Тот, между тем, прислонился к запертой двери будки и, скрестив руки на груди, пристально на него уставился. «Только попкорна не хватает для полной картины», - злобно подумал Мисаки, жалея, что дверь не может открыться под тяжестью предусмотрительного Усаги, и тот не вывалится нелепо из будки, даже если это зрелище захочется увидеть самому б-гу.
Мисаки из-за неуверенности и стыда старался делать всё медленно, не зная, что эта медлительность не раздражает и тяготит Усаги, а лишь ещё больше раззадоривает. Он расстегнул пуговицы одну за другой под всё тем же пронзительным оценивающим взглядом Усаги. Не зная, куда деть пальто, он просто бросил его на пол тесной будки, от всей души надеясь, что он не слишком пыльный. Потом подумал, что придётся снять что-нибудь ещё, и пришёл в ужас. Добровольно обнажить из-за глупого Усаги какую-либо часть своего тела – кошмар! Да никогда в жизни.
- Хочешь оставить рубашку? – спросил Усаги, понимая, что он не дождётся никакого продолжения от мальчика. Он не мог понять его стыда, но его сердце все-таки не было каменным, и он сжалился над мальчиком, для которого добровольное разоблачение было своего рода культурным шоком. Впрочем, эта сладкая невинность мальчика, его наивность и смущение возбуждали Усаги гораздо сильнее, чем раскованность и отсутствие всякого стыда.
Мисаки робко кивнул, вцепившись на всякий случай в свою рубашку, которую Усаги милостиво разрешил ему оставить.
- Тогда тебе придётся снять брюки, - с удовольствием ошарашил его Усаги, всё так же не двигаясь с места, ощупывая взглядом на расстоянии. – Либо снимай рубашку, и тогда можешь оставить брюки.

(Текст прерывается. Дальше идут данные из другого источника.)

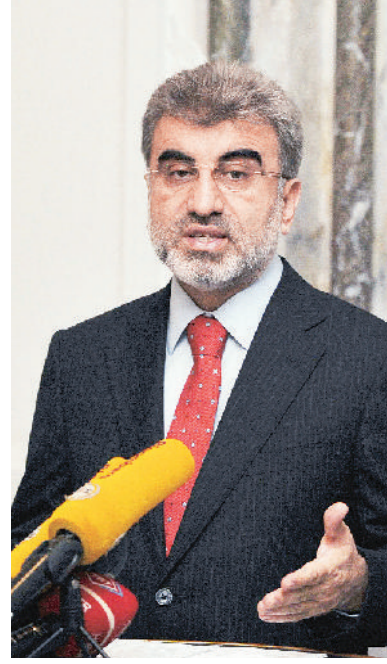
Enerji ve Tabii Kaynaklar Bakanı Taner Yıldız, Türkiye'nin Yemen'den LNG ve nafta almak istediğini söyledi.

Petrol ve Madeni Ürünler Bakanlığı'nın şirketlerin ve yatırımcıların teşvik edilmesine yardımcı olacak bir veritabanı oluşturmak üzere araştırmalar yapmak istediğini ifade eden
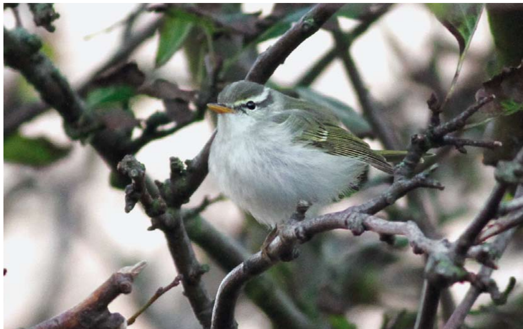
563 Eastern Crowned Warbler / Kroonboszanger Phylloscopus coronatus , Helgoland, Schleswig-Holstein, Germany, 16 October 2012 ( Jochen Dierschke )
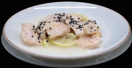
152 - POLLO AL LIMONE
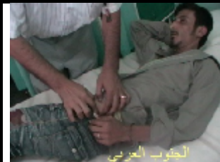
الجنوب العربي صورة لأحد الجرحى الذين اصيبوا في المظاهرة السلمية ليوم الاسير الجنوبي 03.06.2010
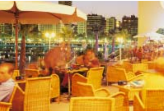
Terraza del Puerto de Alicante

siglo XVIII. Destacan la Casa del Gobernador, la iglesia de San Pedro y San Pablo -hoy en proceso de restauración-, así como la Torre de San José, fuera del casco urbano.
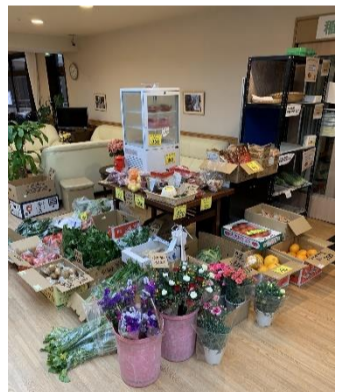
こひつじ市場 入荷状況 ☎043-207-5599

現在、こひつじ市場の開催を中止しておりますが、農家さんから地域の皆様のためになればと、新鮮な野菜・お花がロビーに届いております。お近くの方は、是非立ち寄ってみてください。
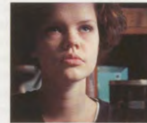
EIJA-LIISA AHTILA, IF 6 WAS 9 , 1995, 35-mm film, details.
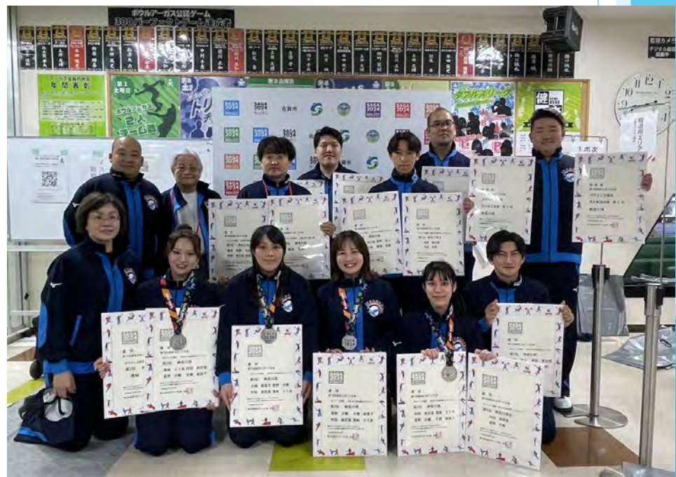
【ボウリング競技】 成年男子・成年女子 神奈川県チーム
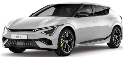
Šedá Wolf (C7S)
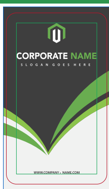
Página 01 Impressão
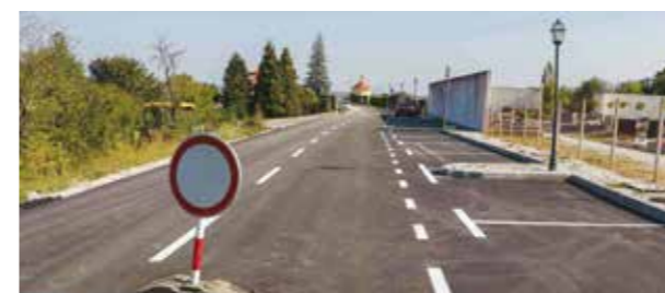
Novouređene cesta je iscrtna, označena su i nova parkirna mjesta

CESARČEVA ULICA Grad Ivanec završio s modernizacijom ključne gradske prometnice
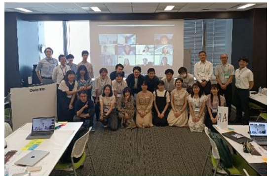
学生交流・創業支援プログラム （2023年8月23日）
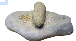
Broyeur à céréales

? Cette technique a pu être utilisée mais les preuves archéologiques manquent.
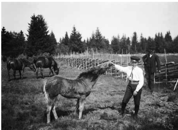
Pojke klappar föl i hästhage, Östhammar, Uppland.
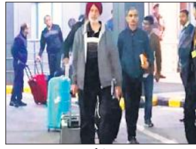
सात भारत लौटे, अगस्त 2022 में जासूसी के आरोप में किया गया था गिरफ्तार

कतर ने जेल में बंद भारतीय नौसेना के उन आठ पूर्व कर्मियों को रिहा कर दिया है, जिन्हें कथित रूप से जासूसी के एक मामले में पिछले साल अक्टूबर में मौत की सजा सुनाई गई थी। इनमें से सात भारत लौटे आए हैं। रिहाई से 46 दिन पहले उनकी मौत की सजा को अलग अलग अवधि की कारावास सजा में तब्दील किया गया था।
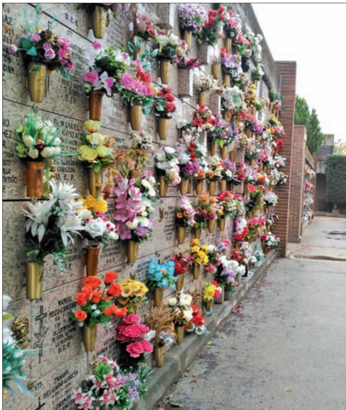
Una zona del cementerio de Alcorcón
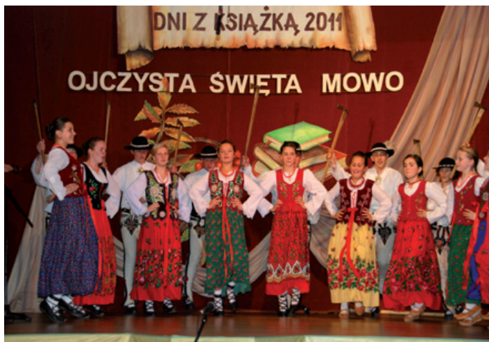
Zespół Regionalny „Tatry”.
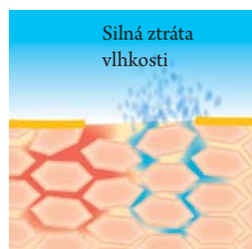
Při nedostatku kyseliny linolové dochází k narušení ochranné kožní bariéry

At jsou příčiny narušení ochranné bariéry vnitřní nebo vnější, následek je vždy stejný – suchá, šupinatá a drsná pokožka, která má silné sklony k zánětům, svědění nebo ekzémům.
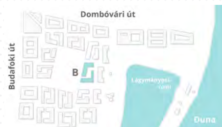
B épület / Building B
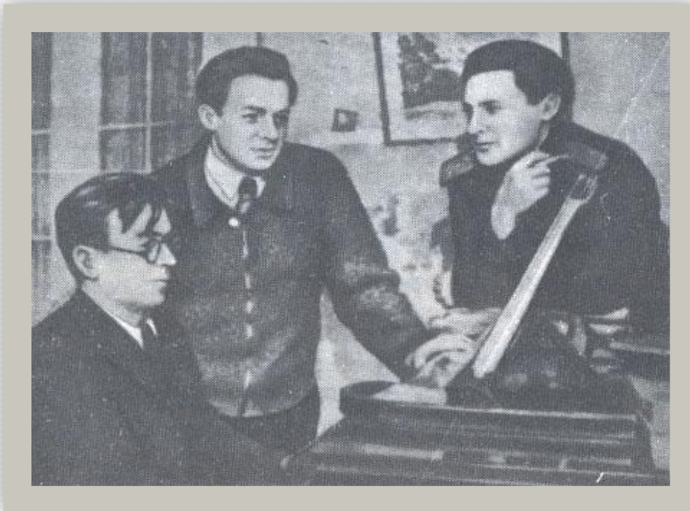
Композитор В. Соловьёв-Седой и поэт А. Фатьянов
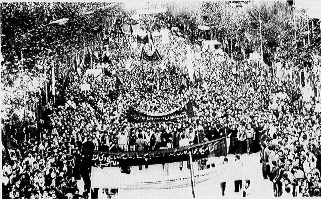
مردم در روزهای تاسوعا و عاشورا برای ادامه مبارزه علیه امپریالیسم آمریکا تجدید پیمان کردند...
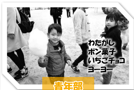
わたかし ボン菓子 いちごチョコ ヨーヨー
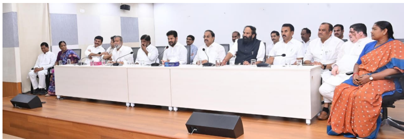
తొలి అక్షరం/హైదరాబాద్, జూన్ 21:

వినుతంగా వెలువడుతూ, విశేష ప్రజాధరణ పొందుతున్న తొలి అక్షరం తెలుగు దినపత్రికకు తెలంగాణ, ఆంధ్రప్రదేశ్ రాష్ట్రాల వ్యాప్తంగా అన్ని అసెంబ్లీ నియోజకవర్గాలలో విలేకరులు కావలెను. అసెంబ్లీ గల అభ్యర్థులు తమ బయోడేటాను tholiaksharam@gmail.com కి మెయిల్ చేయగలరు. సీనియర్లకు పాఠాస్యం, కొత్తవారికి కూడా అవకాశం, నియామకాలు జరుగుతున్నాయి వెంటనే సంప్రదించండి.

- А если кто-нибудь увидит, Усаги-сан?! – Мисаки попытался схитрить. – Ты говорил, что не хочешь, чтобы кто-нибудь видел меня голым.
- Что ж, тогда раздень меня, - Усаги недобро прищурился.
- Что-о-о?!! – Мисаки не выдержал и вцепился в свои волосы, взлохмачивая их ещё больше. – Ты меня с ума сведёшь, тупой извращенец! Мало того, что ты хочешь заняться этим в таком месте, где нас может увидеть каждый, так ещё и заставляешь делать меня все эти глупые странные вещи!.. Какое у тебя было воспитание?! Разве ты не должен быть скромным?!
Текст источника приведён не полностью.